How to complete this task: Print every entry exactly as written and exclude all images.

Records from a data source:
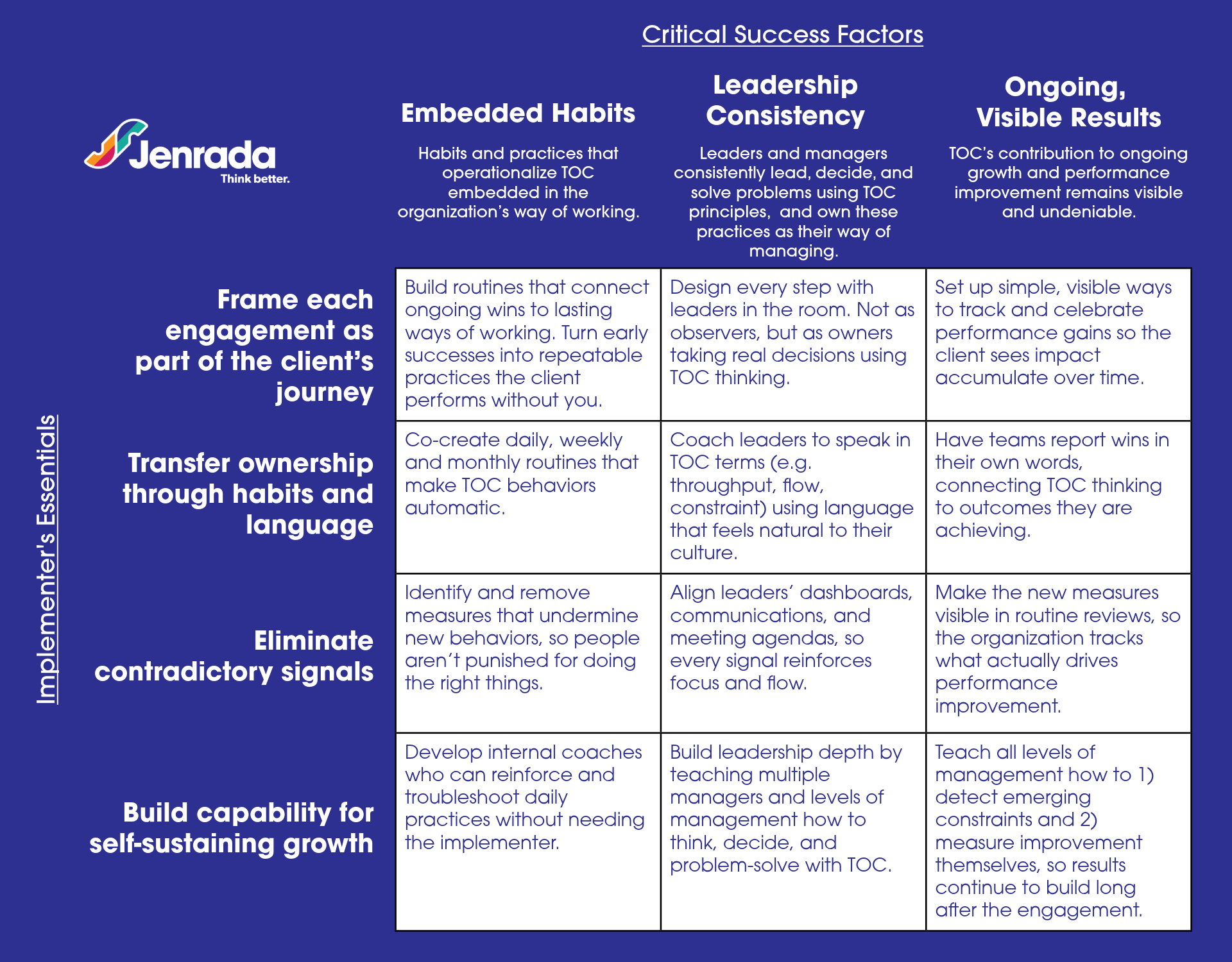 - Embedded Habits. Habits and practices that operationalize TOC must be embedded in the organization’s way of working.
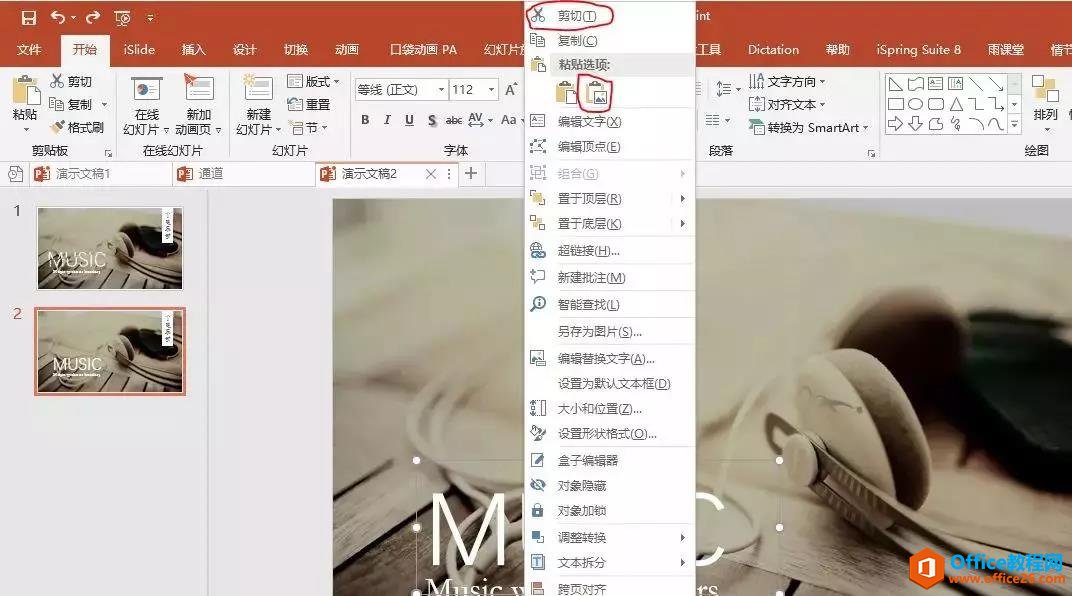 选中MUSIC这个文本框,先右键剪切,再右键粘贴为图片。
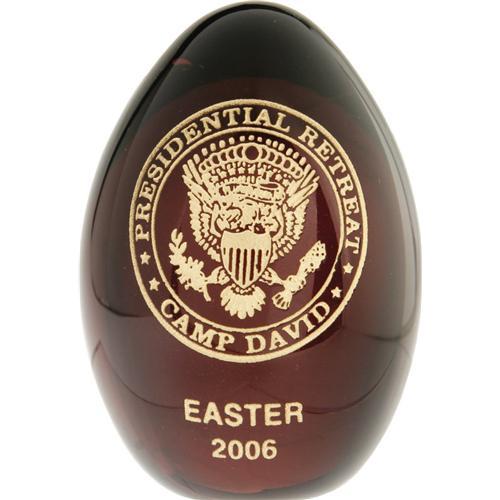 <B>Camp David Easter 2006 Presentation Easter Egg.</B></I> Unlike the other Easter Egg offered in this sale, this one is from Camp David, the well-known presidential retreat. Made from dark purple glass and engraved with the presidential seal and the words "Presidential Retreat - Camp David - Easter 2006." The seal and the letters display in gold and are offset nicely against the dark color of the egg itself. In mint condition.
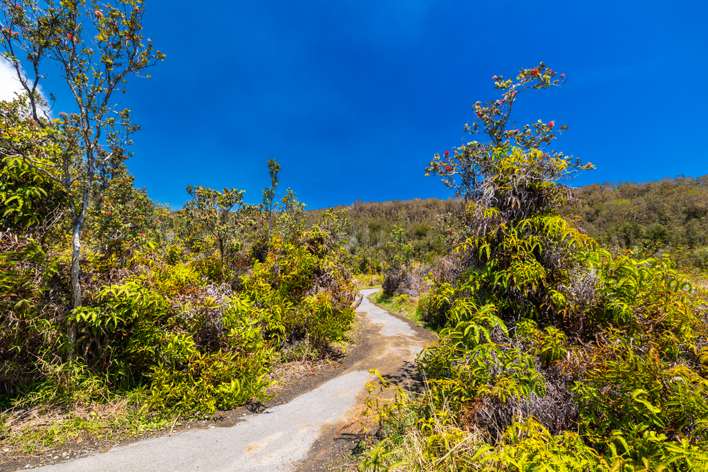 Despite the volcanic landscape, this trail is surprisingly lush, with plenty of ferns and trees, though there are still a few exposed sections with little shade. It can be humid along the path!
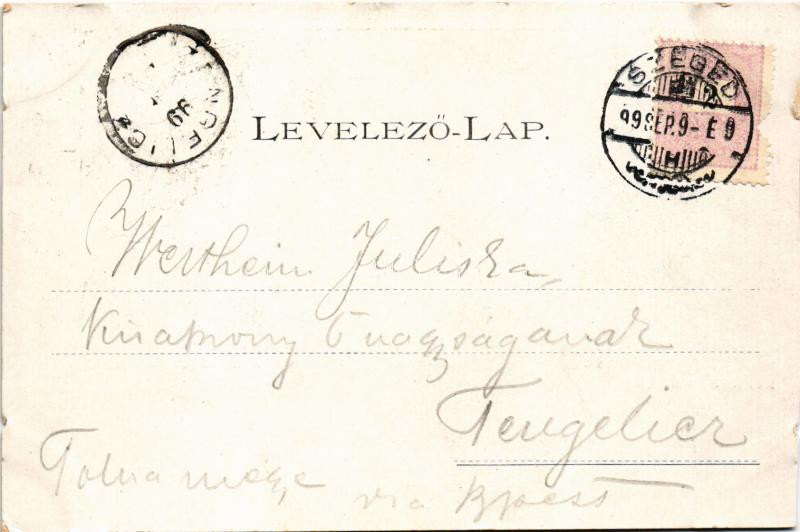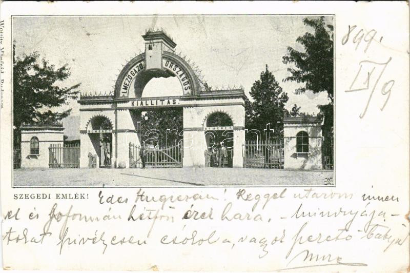 1899 Szeged, I. Mezőgazdasági Országos Kiállítás kapuja, szegedi emlék. Wottitz Manfréd kiadása (vágott / cut)

Response below:
 - Embedded Habits. Habits and practices that operationalize TOC must be embedded in the organization’s way of working.
 选中MUSIC这个文本框,先右键剪切,再右键粘贴为图片。
 <B>Camp David Easter 2006 Presentation Easter Egg.</B></I> Unlike the other Easter Egg offered in this sale, this one is from Camp David, the well-known presidential retreat. Made from dark purple glass and engraved with the presidential seal and the words "Presidential Retreat - Camp David - Easter 2006." The seal and the letters display in gold and are offset nicely against the dark color of the egg itself. In mint condition.
 Despite the volcanic landscape, this trail is surprisingly lush, with plenty of ferns and trees, though there are still a few exposed sections with little shade. It can be humid along the path!
 1899 Szeged, I. Mezőgazdasági Országos Kiállítás kapuja, szegedi emlék. Wottitz Manfréd kiadása (vágott / cut)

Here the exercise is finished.